Protecting the territory is a crucial responsibility of a state. It is as important as protecting the lives of the people. And yet, our territorial air and waters were violated quietly in a series of events. On Jan. 27, a disturbing incident was made public. At the end of last year, a Chinese military vessel entered the Korean territorial waters, sailed 10 kilometers (6.2 miles) after crossing the maritime border, and reached the sea only 40 kilometers away from the Baekryeong Island in the Yellow Sea. In a phone call to Chinese President Xi Jinping on Jan. 26, however, President Moon Jae-in told Xi that “China’s status and influence in the international community are growing strong day by day.”
It is not the first time that China violated the maritime border, but it’s getting worse. From 2016 to 2017, Chinese military vessels entered the Korean territorial waters 110 times. The number grew to 230 in 2018 and 290 in 2019. As of August last year, China made 170 violations of the maritime border.
Chinese military aircraft are no exception.

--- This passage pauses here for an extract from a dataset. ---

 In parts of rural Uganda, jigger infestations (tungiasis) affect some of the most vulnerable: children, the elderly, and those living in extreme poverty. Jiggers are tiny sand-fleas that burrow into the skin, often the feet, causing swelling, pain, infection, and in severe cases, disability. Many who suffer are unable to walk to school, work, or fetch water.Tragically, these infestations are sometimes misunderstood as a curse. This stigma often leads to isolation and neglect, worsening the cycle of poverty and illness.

Over the past 3 years, China entered the Korea Air Defense Identification Zone (Kadiz) over 60 times.
Territorial ambitions are behind the move. The Oriental Outlook Weekly, a magazine published by the Xinhua News Agency, reported about such ambitions in 2014. “If China respects South Korea’s argument and divides the Yellow Sea of 350,000 square kilometers based on the principle of equidistance, 180,000 square kilometers of the waters will belong to the two Koreas, and a territorial dispute is destined to arise,” said the weekly. “To prevent this, China must have the territorial right over 250,000 square kilometers of the waters.”
It represents China’s intention to control 71 percent of the Yellow Sea. And yet, Beijing went further and claimed that “population and size of economy must be considered before drawing a maritime border.”
China’s territorial campaign in the Yellow Sea started after Xi declared in 2012 an ambition to become a maritime superpower. After he made a push to accelerate the project in 2017, China increasingly violated our waters. After the China-U.S. conflict, more violations were committed in the Yellow Sea in a show of force to warn that South Korea must not join the U.S.-led alliance to contain China.
China also commits similar territorial violations near Taiwan. On Jan. 24, 15 Chinese military aircrafts entered Taiwan’s Air Defense Identification Zone. China committed more than 380 violations last year. Chinese military vessels also violated the maritime border of Taiwan in countless times.
However, Taiwan’s reaction is clearly different from Korea’s. While Korea did not raise the issue, Taiwan has challenged it seriously. Whenever a large-scale territorial violation is reported, the military, Foreign Ministry or the office of the president issues a statement to condemn China. Taiwan’s ambassador to the United States deplored China’s actions through media interviews and contributions, seeking U.S. support. The State Department responded by issuing a statement on Jan. 24 urging Beijing to stop military pressure on Taiwan.
We must stop China’s territorial violations by using the Korea-U.S. alliance, like Taiwan. If we do nothing, it will become a norm, and China would claim the territorial waters at some point. It is our fate to fight against China over territories and resources. That is why we must confront China based on the Korea-U.S. alliance. We must make China clearly understand that the more it presses us to not side with America, the more we are forced to rely on the alliance.
We must also strengthen our own power to resolutely counter China’s violations. Of course, the total military capabilities are not enough, but we can use the so-called “Hedgehog Concept.” Taiwan is concentrating its resources to develop asymmetrical capabilities to prevent China’s aggression. Taiwan and the U.S. even considered establishing a joint special operations command to utilize the asymmetrical capabilities.
We must create a crucial asymmetrical capability to counter China’s mounting threat. How much longer do we have to endure China’s oppression? Ahead of the Crimean War, then the British Prime Minister John Russel famously said, “If peace cannot be maintained with honour, it is no longer peace.”